Wow, I didn’t notice that bpf_probe_write_user() existed. That should
need something like CAP_PTRACE or CAP_SYS_ADMIN.

I'm starting to think that something like this:

https://lore.kernel.org/bpf/968f3551247a43e1104b198f2e58fb0595d425e7.1565040372.git.luto@kernel.org/

should maybe be finished before CAP_BPF happens at all.  It really
looks like the bpf operations that need privilege need to get fully
catalogued and dealt with rather than just coming up with a new
capability that covers a huge swath.

(bpf_probe_write_user() is also terminally broken on architectures
like s390x, but that's not really relevant right now.  I'm a bit
surprised it works on x86 with SMAP, though.)
Alexei Starovoitov Aug. 29, 2019, 5:24 p.m.
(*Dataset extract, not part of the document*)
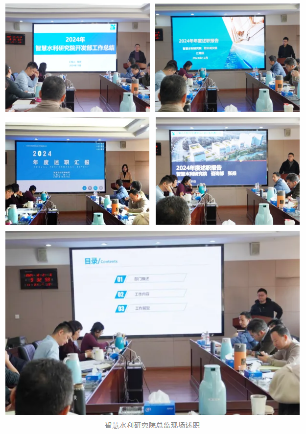 今年,自綜合部于11月下達年度考核計劃后,各部門嚴格落實《2024年度員工考核實施辦法》和各部門考核實施細則,以高度的責任感和使命感推進考核工作。在為期2日的會議中,工程院、規(guī)劃院、勘察院、建設管理院、智慧水利研究院5個生產(chǎn)部門和綜合部、市場部、財務部3個職能部門的負責人逐一結合本部門年度工作目標及開展情況進行年度總結工作匯報。其中,20位生產(chǎn)部門的所長/總監(jiān)就本項目部年度重點攻堅任務情況進行現(xiàn)場述職匯報。

UTC | #6
On Thu, Aug 29, 2019 at 09:44:18AM +0200, Toke Høiland-Jørgensen wrote:
> Alexei Starovoitov <ast@kernel.org> writes:
> 
> > CAP_BPF allows the following BPF operations:
> > - Loading all types of BPF programs
> > - Creating all types of BPF maps except:
> >    - stackmap that needs CAP_TRACING
> >    - devmap that needs CAP_NET_ADMIN
> >    - cpumap that needs CAP_SYS_ADMIN
> 
> Why CAP_SYS_ADMIN instead of CAP_NET_ADMIN for cpumap?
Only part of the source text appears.